Итак, она и Яков все еще находились в торговом центре на самом верхнем этаже. В близлежащие отделы арендаторы еще не въехали, и стеклянные стены прикрывала реклама разнообразных брендов. Гул голосов доносился откуда-то издалека, здесь же не было ни души. Только Яков, присевший на скамью у массивного декоративного столба, и Даня, каким-то непостижимым образом оказавшаяся у него на коленях.

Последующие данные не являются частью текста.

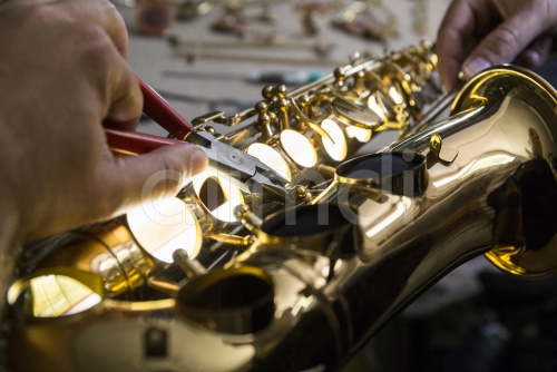 Instrument maker dismounting a saxophone using pliers during a repair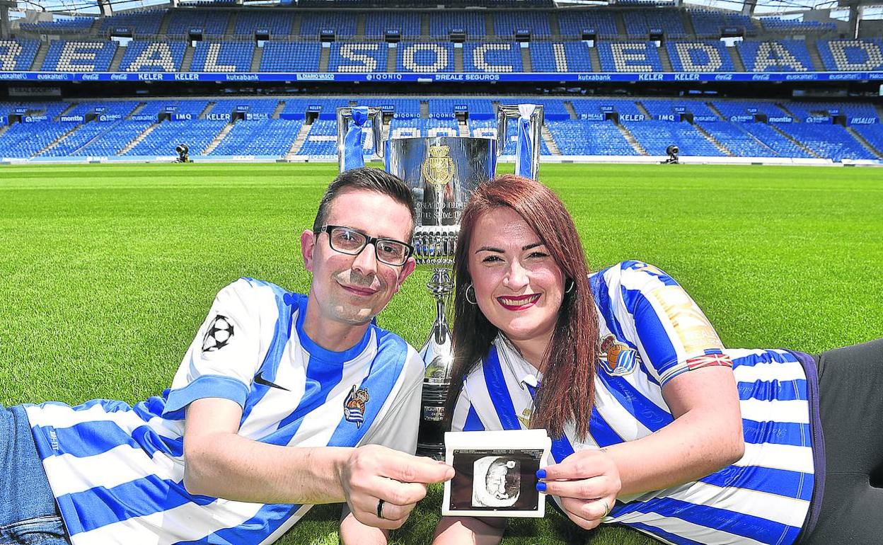 «Tuvimos que cancelar nuestra boda que estaba programada para el 3 de octubre del año pasado en la bodega Hiruzta de Hondarribia y en ese mes decidimos comenzar a practicar sexo sin protección para tratar de quedarme embarazada», señala Naiara mientras acaricia su incipiente barriga. «Llevábamos varios meses intentándolo y nada... y la victoria de la Real Sociedad, y encima frente al Athletic, nos trajo suerte. El club siempre ha estado muy presente en mi vida y esta es una bonita coincidencia», explica Diego sentado en su asiento de socio 12.787 ubicado en la tribuna superior de la grada Aitor Zabaleta a la que ha tenido la oportunidad de volver más de un año después para realizar la sesión de fotos que acompaña a este reportaje. La familia txuri-urdin tendrá un nuevo miembro a mediados de diciembre, pero seguro que con la pasión con la que los guipuzcoanos jalean a su equipo este alumbramiento no será el único fruto de aquella noche histórica.

Хотя Даня что-то такое помнила. Сознание отключилось, ей показалось, что рядом папа, и она полезла к нему с объятиями.
«Вот зараза», – мысленно выругалась девушка и предприняла попытку ретироваться.
Тщетно. Тело не реагировало. Абсолютно. Даня не шевелилась, хотя в голове проносился ураган за ураганом. Тело не слушалось, но при этом ее рука, обхватив талию Якова, и не думала ослаблять хватку.
Что это за выборное подчинение командам мозга?!
Уголки губ Якова дернулись.
«Смеется надо мной? – возмутилась Даня, но вслух почему-то не сказала ни слова. – Шацкая, немедленно свали с его коленей!»
«Но тут так удобно», – простонало тело.
Теплая ладонь Якова придерживала спину, правая рука лежала на ее коленях. И все было каким-то ужасающе правильным, как у элементов мозаики, идеально подошедших друг другу.
И он источал такой нежный аромат…
«Шацкая, немедленно приди в себя!»
– Голова кружится?
«Да, верно, точно!» – Даня обрадовалась этому замечательному объяснению, который ей подкинул сам Яков. Ничего не кружилось, и все давно прояснилось. Но надо было ведь как-то объяснить, с какого перепуга она завалила его на скамейку и теперь ни черта не хочет сползать!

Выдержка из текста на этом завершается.